# Jobi Raffle's surprise



## chigarden (Feb 26, 2011)

We knew Raffle (Jobi Ace +B x SG Jobi Amell 7*M) was due this weekend, but the surprise was she had a single buckling 

We were guessing twins, maybe smaller triplets (she had triplets her first freshening) but nope, our biggest ND kid to date. This "little" guy weighed 3.8lbs at birth ! Thankfully Raffle had no problems and both are doing GREAT:leap:


----------



## ksalvagno (Oct 6, 2009)

What cool markings on his face! Congrats!


----------



## TrinityRanch (Mar 26, 2013)

He looks like he's in negative! Whoa! Congrats to a healthy baby and momma.


----------



## Stephoo (Jul 3, 2013)

Awe he's beautifull !!


----------



## Scottyhorse (Feb 11, 2013)

Oh, how adorable!!! I've seen a ND kid weigh over FIVE lbs before!!!


----------



## lemuckleys (Feb 1, 2013)

How adorable! We had our first dwarf Nigerian kid in the spring - a single buckling that weighed 6.45 pounds!
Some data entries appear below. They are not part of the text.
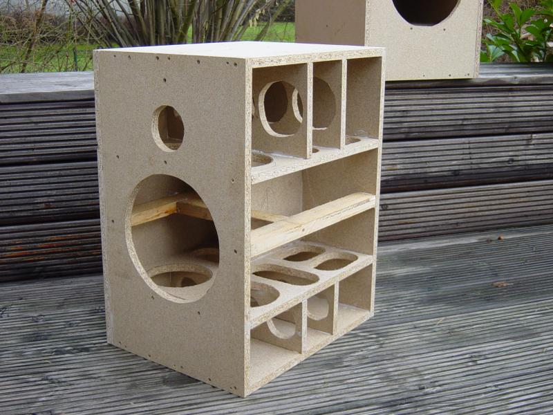 Ich habe darauf geachtet, dass die Kammergrößen alle unterschiedlich sind - soll heißen: Ich habe geradzahlige Vielfache bei den unterschiedlichen Abmessungen vermeiden können. So vermeidet man - zumindest in der Theorie - ausgeprägte stehende Wellen. Auch wenn's akademisch wirkt, schaden tut's in keinem Fall und die Kiste ist mit den Streben sehr steif.
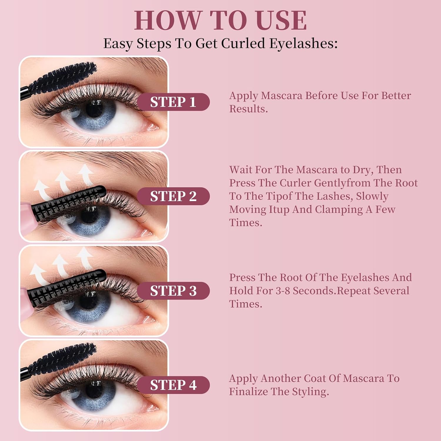 - 【Usage Tips】For better curling results, apply mascara before using the curler to improve heat styling. After curling, reapply mascara to enhance the lift and hold for a natural, long-lasting curl.
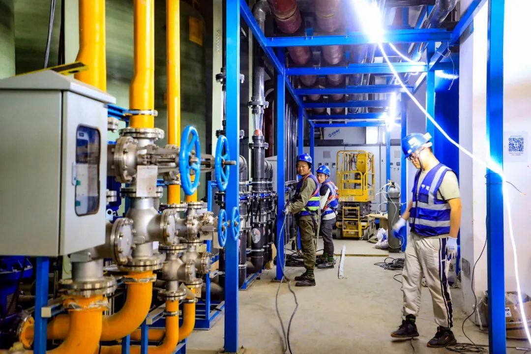 厂房墙体黑色保温层、真石漆工序同步推进;厂区内挖掘机、渣土车等工程车辆一刻不停;配电室里绿灯闪烁,电力稳定输送;冷却机房内,建设工人们焊接、安装、调整,紧张快干……
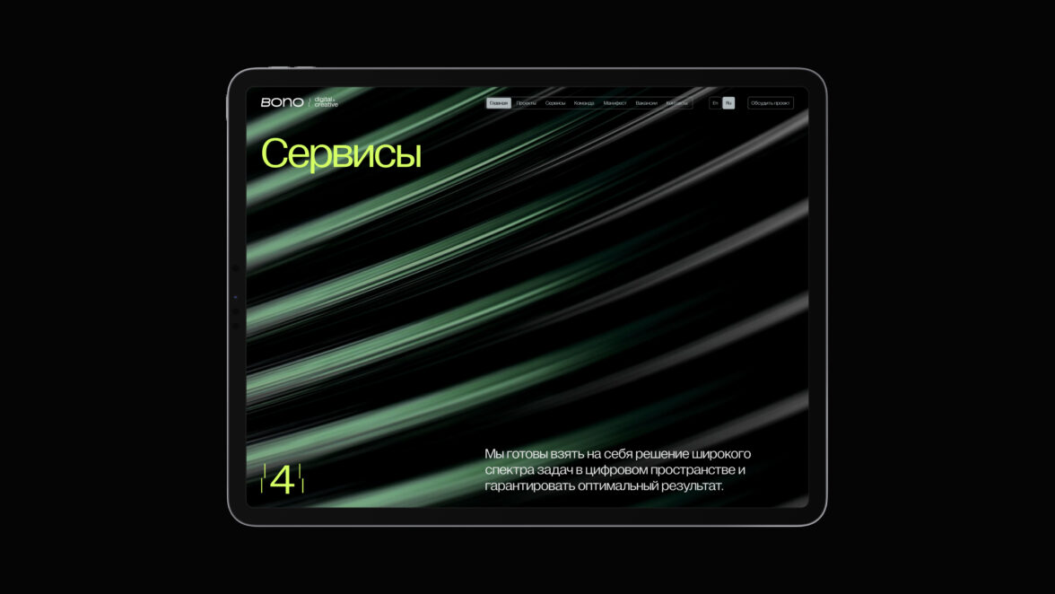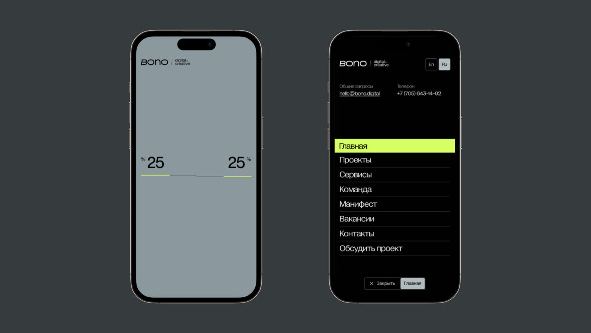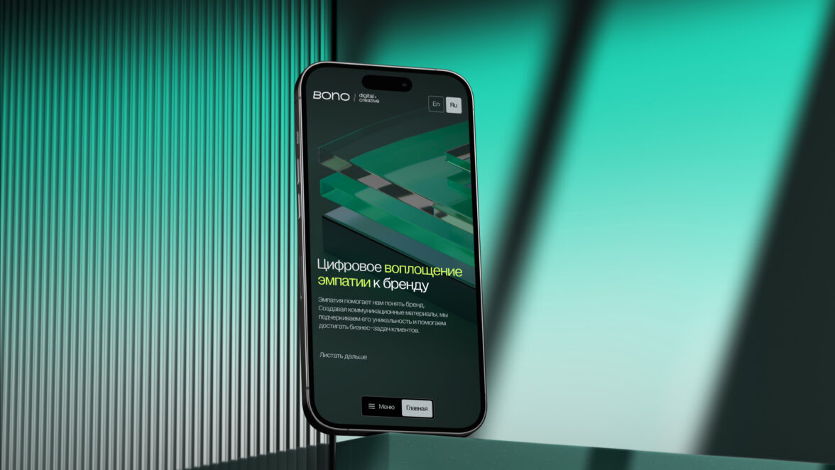 За 12+ лет на рынке из небольшой студии Bono digital x creative успело вырасти в одного из лидеров рынка. В портфолио Bono — комплексные проекты, над которыми работает команда более чем из 50 человек, и digital-награды. Агентство работает как с российскими, так и с зарубежными заказчиками и постепенно строит международную сеть с представительствами в разных странах. В 2023 году стало понятно, что прежняя айдентика и сайт агентства перестали отражать его компетенции, характер и масштаб, поэтому был запущен процесс ребрендинга. Его результатом стало новое позиционирование, фирменный стиль и сайт.

I have a girl due any day now, and am hoping for tiny babies this time.


----------



## chigarden (Feb 26, 2011)

OMGOSH ! I can't even imagine a ND kid that big LOL ...


----------



## toth boer goats (Jul 20, 2008)

So cute


----------



## KasKiRanch (May 10, 2013)

Wow! He came out lookin full grown lol. Congrats!


----------



## Skyz84 (Jul 25, 2011)

Pretty baby!!

They love to keep us guessing on the number of kids 

Congrats on the cutie!


----------



## rhodalee (Feb 11, 2013)

He is a real cutie love his face


----------



## Pygmygoatluver (Feb 26, 2013)

I love the 3rd pic! He's adorable!


----------



## chigarden (Feb 26, 2011)

*New Pics of Kid Hunk*

He is growing "like a weed" as they say and being chased around by little new half sister LOL


----------



## pygmylover121 (Aug 13, 2013)

Omg so cute!


----------



## erica4481 (Mar 26, 2013)

Awwww......he is so hamdsome  congrats!


----------



## HerdQueen (Oct 15, 2012)

Oh gosh look at him! I just wanna smooch him!


----------